A translated work is normally cited under the name of the author or editor, and list the translator as a secondary author. When there is no author or editor available, the work can be cited under the translator.

The following is the general format of a reference to a translated book without an author. The examples below include a translated book with an author or editor, and one without author. 

See the general rules for books and ebooks for more details.

 

Reference list entry: format and example

 

Citation No.  Translator's Last Name Initials, translator/s. Book title: subtitle. Edition. Place of Publication: Publisher; Year of publication. 

 

1.           Richer PM. Artistic anatomy.
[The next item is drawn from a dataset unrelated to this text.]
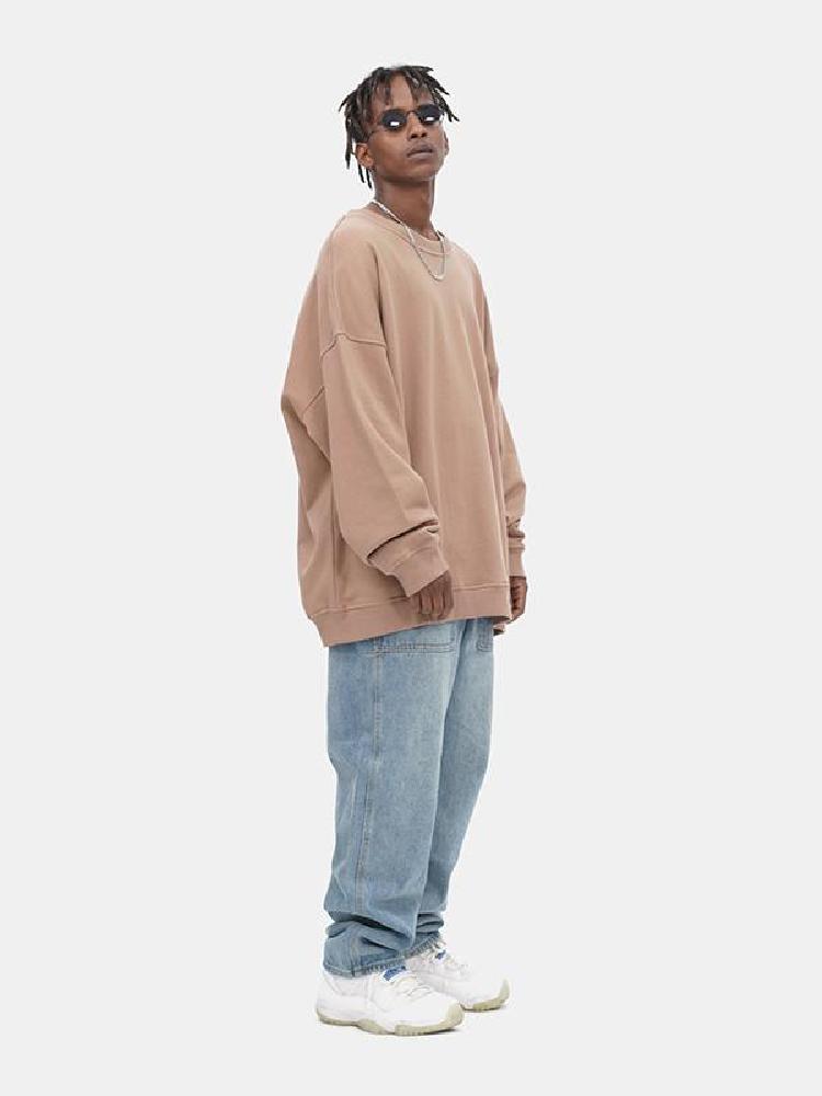 非常宽松简约的一款时尚卫衣,卫衣胸前的织带设计,非常有个性,让简约的卫衣变得与众不同,袖子上的拉链口袋更具潮味。

Hale RB, translator and editor. New York: Watson-Guptill; 1971.

2.           Celli L, editor. The elbow: traumatic lesions. Warr A, translator. Vienna (Austria): Springer-Verlag; c1991. 

3.           Flaws B, translator. The classic of difficulties: a translation of the Nan Jing. 3rd ed. Boulder (CO): Blue Poppy Press; 2004.

 

Reference works

 

Be sure to check with your lecturer if these kinds of resources are suitable for use in your assignments.

Reference books can be cited in the same way as citing books and edited books. 

For information on how to reference entries or chapters from reference works such as:

  • Dictionaries
  • Encyclopaedias
  • Thesaurii
  • Indexes, etc

see the Book chapters page.

Course Readers and Compiled Texts ('Custom Book Editions')

 

Course readers and compiled texts are usually collections of chapters and articles specifically chosen as readings for a particular subject.

To reference from these publications see the notes on the Course Material page.